CN’s new boss doesn’t want oil to replace long-lasting grain and lumber business without multi-year commitments from energy producers.
Crude oil demand may be on the rise again, but Canadian National Railway’s new leader insists energy shipments won’t displace long term railroad staples such as grain and lumber.
Grain farmers in the western Prairie provinces saw exports slow to a crawl when Canadian National proved unable to cope with a surge in demand starting in the second half of last year. In March, with bottlenecks and customer complaints mounting, Canada’s biggest railroad ousted then-Chief Executive Officer Luc Jobin and prompted his successor, Jean-Jacques Ruest, to boost capital spending to start fixing the logjams.
“We do not want to kick out, or restrain, business that will be long-lasting to replace it by crude,” Ruest told Bloomberg in Montreal. “To the extent we have some spare capacity, which is what we are building here, to onboard crude without hurting grain, lumber and mining, then we will do that.”
Petroleum and chemicals was Canadian National’s second-largest line of business in the second quarter, worth C$616 million. That compares with revenue of C$591 million for grain and fertilizers, and C$490 million for forest products. Canadian National had total sales of C$3.63 billion in the period, led by container-car shipments.
Ruest is hesitant to build dedicated infrastructure for energy shipments without multi-year commitments from energy producers.

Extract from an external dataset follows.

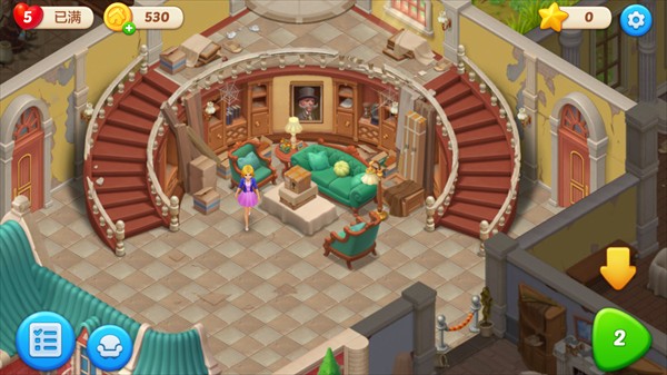 玩家進入游戲后,能夠對家中的家具進行翻新操作,而屏幕右下角所顯示的內容,是玩家當前所處的關卡進度。

“CN has been in business for 99 years, and we’ve been in business for 99 years moving grain, lumber or mining products,” he said. “Crude was not part of what we moved in 1919. This was not a product that we moved a couple of years ago, and a couple of years from now, we may not move it again.”
To handle additional volumes, Canadian National is adding staff, tracks, sidings and locomotives. The company is focusing investments on the western section of its network -- from the British Columbia ports of Prince Rupert and Vancouver and the oil-rich province of Alberta to Chicago -- where growth is strongest.
“In the second half you will see an increase in our carloads for crude, on a sequential and year-over-year basis,” Ruest said. “That will start to show up in the fall -- tying into our construction program that will create capacity to move more trains” from Alberta to the eastern part of the country, he said.